[Data items]

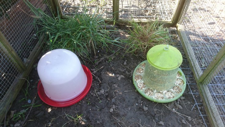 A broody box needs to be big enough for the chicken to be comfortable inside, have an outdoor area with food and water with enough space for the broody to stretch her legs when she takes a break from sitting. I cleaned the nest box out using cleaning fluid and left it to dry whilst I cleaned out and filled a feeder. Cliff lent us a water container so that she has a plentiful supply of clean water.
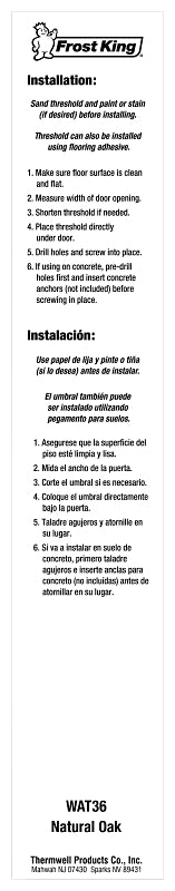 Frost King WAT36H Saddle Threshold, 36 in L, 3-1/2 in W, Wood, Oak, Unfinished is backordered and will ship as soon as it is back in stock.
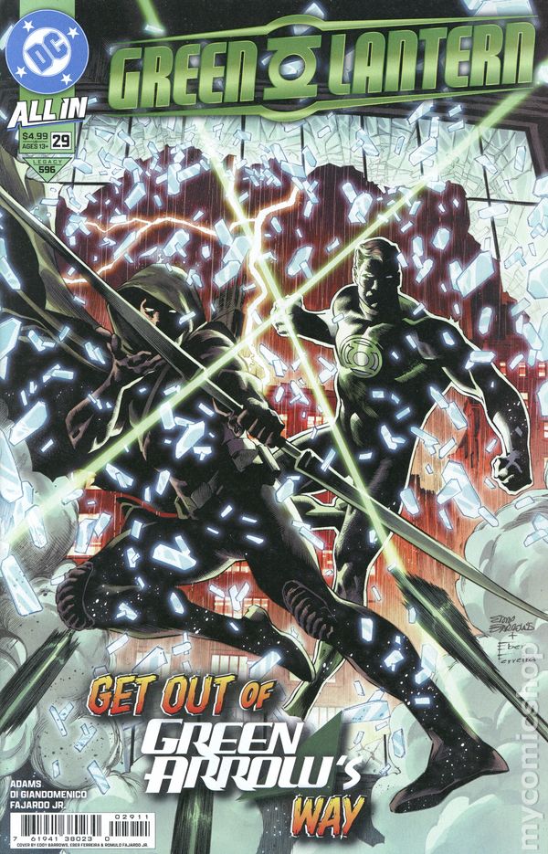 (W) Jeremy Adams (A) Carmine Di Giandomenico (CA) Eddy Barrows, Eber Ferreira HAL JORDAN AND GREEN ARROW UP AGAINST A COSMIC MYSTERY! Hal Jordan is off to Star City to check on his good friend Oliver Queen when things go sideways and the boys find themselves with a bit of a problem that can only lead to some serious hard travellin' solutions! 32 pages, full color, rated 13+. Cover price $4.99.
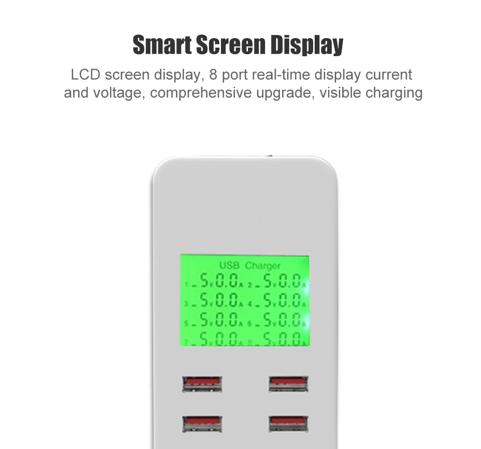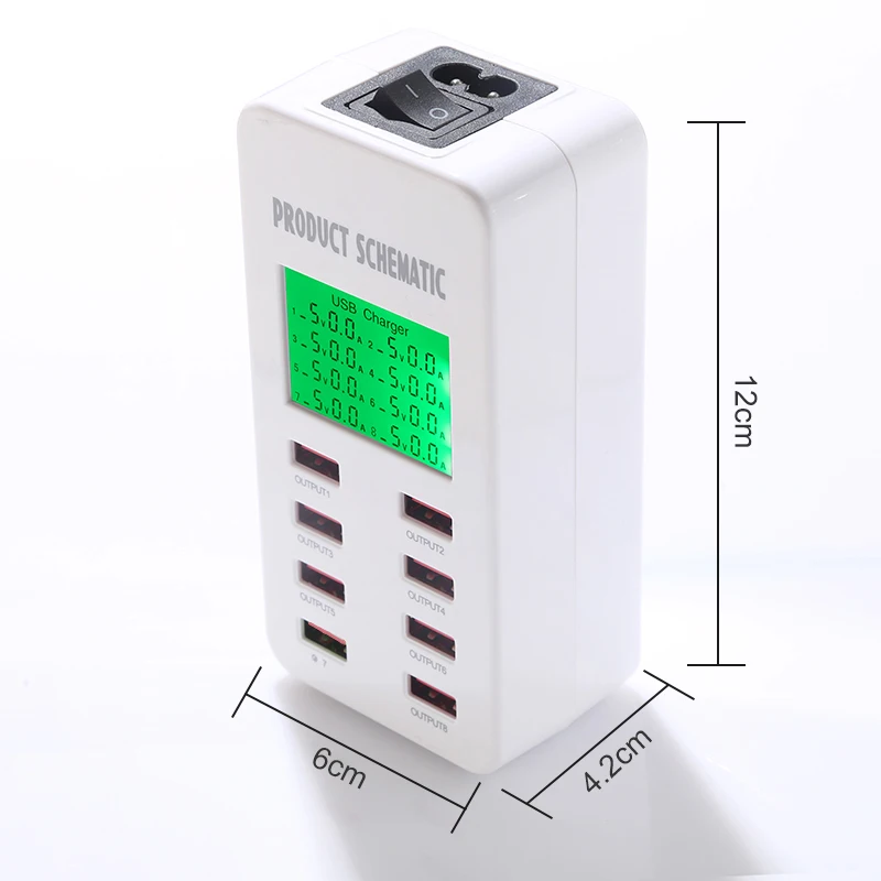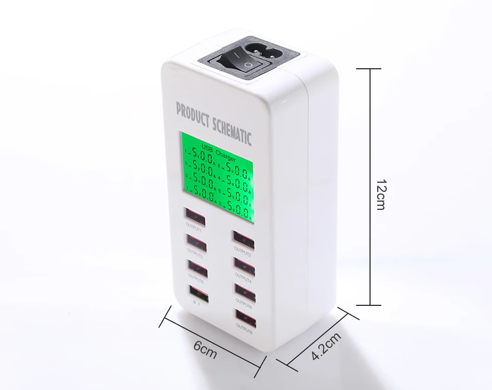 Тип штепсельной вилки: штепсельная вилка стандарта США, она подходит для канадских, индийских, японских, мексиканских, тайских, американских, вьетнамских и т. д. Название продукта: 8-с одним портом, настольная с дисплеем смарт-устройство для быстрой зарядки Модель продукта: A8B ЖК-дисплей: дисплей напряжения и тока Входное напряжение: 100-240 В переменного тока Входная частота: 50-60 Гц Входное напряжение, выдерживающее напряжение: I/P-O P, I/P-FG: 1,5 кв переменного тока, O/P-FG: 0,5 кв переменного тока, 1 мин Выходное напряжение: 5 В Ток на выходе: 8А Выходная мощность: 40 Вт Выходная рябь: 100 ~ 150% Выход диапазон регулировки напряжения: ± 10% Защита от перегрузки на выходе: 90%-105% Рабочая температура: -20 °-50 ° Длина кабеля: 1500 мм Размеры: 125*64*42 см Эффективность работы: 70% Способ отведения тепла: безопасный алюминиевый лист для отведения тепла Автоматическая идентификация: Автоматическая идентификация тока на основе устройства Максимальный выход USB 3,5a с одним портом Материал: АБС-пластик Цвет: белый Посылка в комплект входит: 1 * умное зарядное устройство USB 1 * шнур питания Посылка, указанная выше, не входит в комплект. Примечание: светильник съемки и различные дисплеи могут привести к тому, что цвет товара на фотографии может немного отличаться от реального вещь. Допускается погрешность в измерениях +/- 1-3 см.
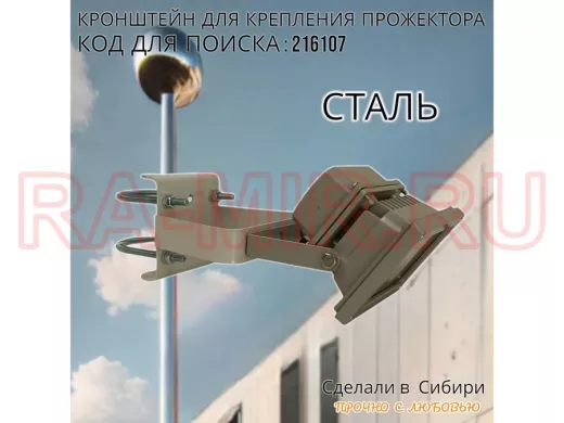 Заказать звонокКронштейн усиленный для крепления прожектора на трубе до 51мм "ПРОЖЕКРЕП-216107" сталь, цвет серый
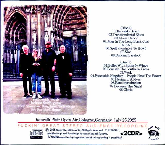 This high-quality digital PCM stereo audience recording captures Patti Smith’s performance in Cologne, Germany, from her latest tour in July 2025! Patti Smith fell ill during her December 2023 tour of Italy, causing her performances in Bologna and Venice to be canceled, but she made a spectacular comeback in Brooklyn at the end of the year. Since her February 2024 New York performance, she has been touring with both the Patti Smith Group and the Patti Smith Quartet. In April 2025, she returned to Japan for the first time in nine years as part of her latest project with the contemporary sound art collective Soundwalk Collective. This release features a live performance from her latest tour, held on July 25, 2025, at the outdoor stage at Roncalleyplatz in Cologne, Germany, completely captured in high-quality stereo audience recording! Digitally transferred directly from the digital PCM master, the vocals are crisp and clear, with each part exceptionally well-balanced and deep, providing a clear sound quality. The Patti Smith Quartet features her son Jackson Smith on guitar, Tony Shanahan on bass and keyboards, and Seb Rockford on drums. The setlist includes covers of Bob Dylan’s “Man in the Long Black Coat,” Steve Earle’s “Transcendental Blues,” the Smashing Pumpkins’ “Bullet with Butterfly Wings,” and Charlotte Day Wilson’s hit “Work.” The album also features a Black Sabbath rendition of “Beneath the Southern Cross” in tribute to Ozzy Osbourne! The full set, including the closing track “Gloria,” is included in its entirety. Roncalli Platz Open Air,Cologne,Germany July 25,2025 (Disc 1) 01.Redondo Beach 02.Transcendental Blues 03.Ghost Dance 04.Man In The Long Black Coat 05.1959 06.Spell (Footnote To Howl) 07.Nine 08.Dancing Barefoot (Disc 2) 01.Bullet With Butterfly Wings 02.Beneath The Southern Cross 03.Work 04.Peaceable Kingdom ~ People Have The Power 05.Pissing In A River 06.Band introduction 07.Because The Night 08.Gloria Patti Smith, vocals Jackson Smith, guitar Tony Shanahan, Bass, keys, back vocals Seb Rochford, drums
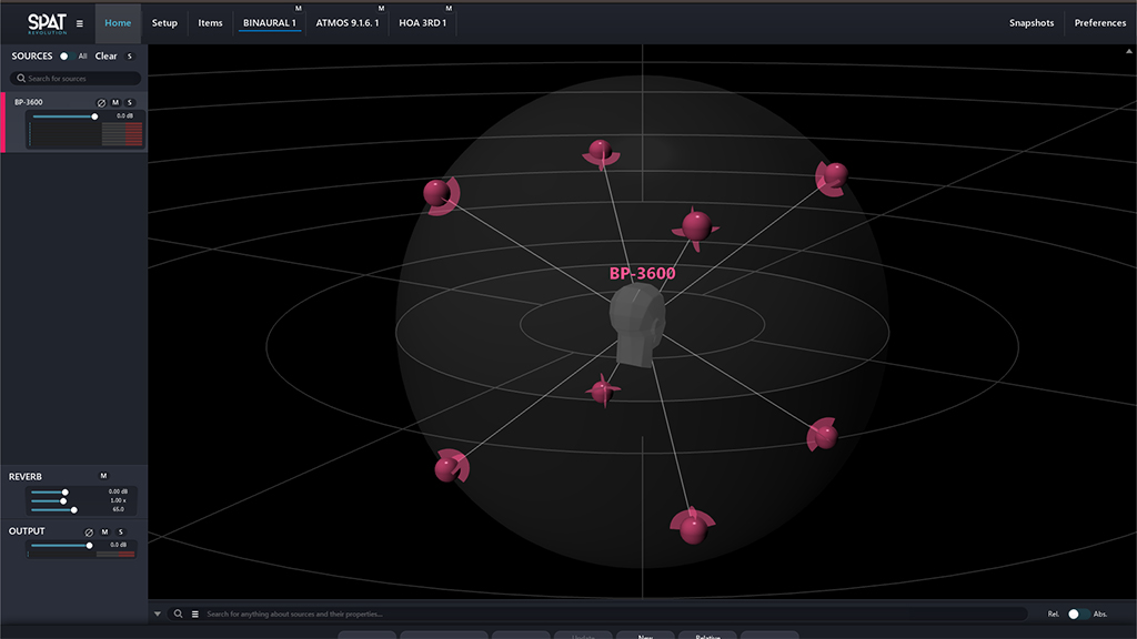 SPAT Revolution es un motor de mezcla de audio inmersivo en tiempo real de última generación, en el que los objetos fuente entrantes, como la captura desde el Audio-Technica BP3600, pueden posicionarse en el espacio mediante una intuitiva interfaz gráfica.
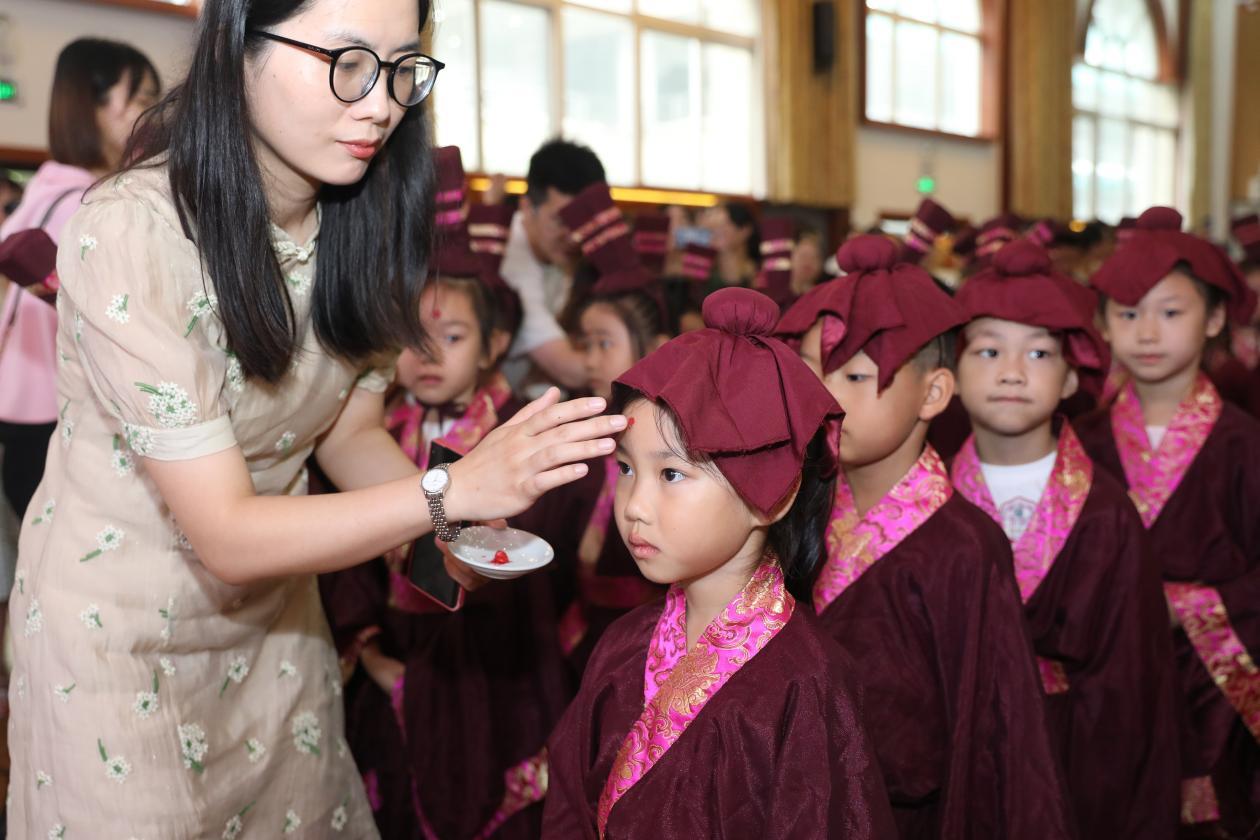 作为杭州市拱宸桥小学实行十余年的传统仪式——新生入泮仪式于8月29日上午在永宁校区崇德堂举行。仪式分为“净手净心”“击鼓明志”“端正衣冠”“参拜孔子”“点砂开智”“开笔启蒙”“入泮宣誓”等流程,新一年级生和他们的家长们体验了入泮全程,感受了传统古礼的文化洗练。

Task requirements>
Transcribe the records verbatim, excluding pictures.

Your solution>
 A broody box needs to be big enough for the chicken to be comfortable inside, have an outdoor area with food and water with enough space for the broody to stretch her legs when she takes a break from sitting. I cleaned the nest box out using cleaning fluid and left it to dry whilst I cleaned out and filled a feeder. Cliff lent us a water container so that she has a plentiful supply of clean water.
 Frost King WAT36H Saddle Threshold, 36 in L, 3-1/2 in W, Wood, Oak, Unfinished is backordered and will ship as soon as it is back in stock.
 (W) Jeremy Adams (A) Carmine Di Giandomenico (CA) Eddy Barrows, Eber Ferreira HAL JORDAN AND GREEN ARROW UP AGAINST A COSMIC MYSTERY! Hal Jordan is off to Star City to check on his good friend Oliver Queen when things go sideways and the boys find themselves with a bit of a problem that can only lead to some serious hard travellin' solutions! 32 pages, full color, rated 13+. Cover price $4.99.
 Тип штепсельной вилки: штепсельная вилка стандарта США, она подходит для канадских, индийских, японских, мексиканских, тайских, американских, вьетнамских и т. д. Название продукта: 8-с одним портом, настольная с дисплеем смарт-устройство для быстрой зарядки Модель продукта: A8B ЖК-дисплей: дисплей напряжения и тока Входное напряжение: 100-240 В переменного тока Входная частота: 50-60 Гц Входное напряжение, выдерживающее напряжение: I/P-O P, I/P-FG: 1,5 кв переменного тока, O/P-FG: 0,5 кв переменного тока, 1 мин Выходное напряжение: 5 В Ток на выходе: 8А Выходная мощность: 40 Вт Выходная рябь: 100 ~ 150% Выход диапазон регулировки напряжения: ± 10% Защита от перегрузки на выходе: 90%-105% Рабочая температура: -20 °-50 ° Длина кабеля: 1500 мм Размеры: 125*64*42 см Эффективность работы: 70% Способ отведения тепла: безопасный алюминиевый лист для отведения тепла Автоматическая идентификация: Автоматическая идентификация тока на основе устройства Максимальный выход USB 3,5a с одним портом Материал: АБС-пластик Цвет: белый Посылка в комплект входит: 1 * умное зарядное устройство USB 1 * шнур питания Посылка, указанная выше, не входит в комплект. Примечание: светильник съемки и различные дисплеи могут привести к тому, что цвет товара на фотографии может немного отличаться от реального вещь. Допускается погрешность в измерениях +/- 1-3 см.
 Заказать звонокКронштейн усиленный для крепления прожектора на трубе до 51мм "ПРОЖЕКРЕП-216107" сталь, цвет серый
 This high-quality digital PCM stereo audience recording captures Patti Smith’s performance in Cologne, Germany, from her latest tour in July 2025! Patti Smith fell ill during her December 2023 tour of Italy, causing her performances in Bologna and Venice to be canceled, but she made a spectacular comeback in Brooklyn at the end of the year. Since her February 2024 New York performance, she has been touring with both the Patti Smith Group and the Patti Smith Quartet. In April 2025, she returned to Japan for the first time in nine years as part of her latest project with the contemporary sound art collective Soundwalk Collective. This release features a live performance from her latest tour, held on July 25, 2025, at the outdoor stage at Roncalleyplatz in Cologne, Germany, completely captured in high-quality stereo audience recording! Digitally transferred directly from the digital PCM master, the vocals are crisp and clear, with each part exceptionally well-balanced and deep, providing a clear sound quality. The Patti Smith Quartet features her son Jackson Smith on guitar, Tony Shanahan on bass and keyboards, and Seb Rockford on drums. The setlist includes covers of Bob Dylan’s “Man in the Long Black Coat,” Steve Earle’s “Transcendental Blues,” the Smashing Pumpkins’ “Bullet with Butterfly Wings,” and Charlotte Day Wilson’s hit “Work.” The album also features a Black Sabbath rendition of “Beneath the Southern Cross” in tribute to Ozzy Osbourne! The full set, including the closing track “Gloria,” is included in its entirety. Roncalli Platz Open Air,Cologne,Germany July 25,2025 (Disc 1) 01.Redondo Beach 02.Transcendental Blues 03.Ghost Dance 04.Man In The Long Black Coat 05.1959 06.Spell (Footnote To Howl) 07.Nine 08.Dancing Barefoot (Disc 2) 01.Bullet With Butterfly Wings 02.Beneath The Southern Cross 03.Work 04.Peaceable Kingdom ~ People Have The Power 05.Pissing In A River 06.Band introduction 07.Because The Night 08.Gloria Patti Smith, vocals Jackson Smith, guitar Tony Shanahan, Bass, keys, back vocals Seb Rochford, drums
 SPAT Revolution es un motor de mezcla de audio inmersivo en tiempo real de última generación, en el que los objetos fuente entrantes, como la captura desde el Audio-Technica BP3600, pueden posicionarse en el espacio mediante una intuitiva interfaz gráfica.
 作为杭州市拱宸桥小学实行十余年的传统仪式——新生入泮仪式于8月29日上午在永宁校区崇德堂举行。仪式分为“净手净心”“击鼓明志”“端正衣冠”“参拜孔子”“点砂开智”“开笔启蒙”“入泮宣誓”等流程,新一年级生和他们的家长们体验了入泮全程,感受了传统古礼的文化洗练。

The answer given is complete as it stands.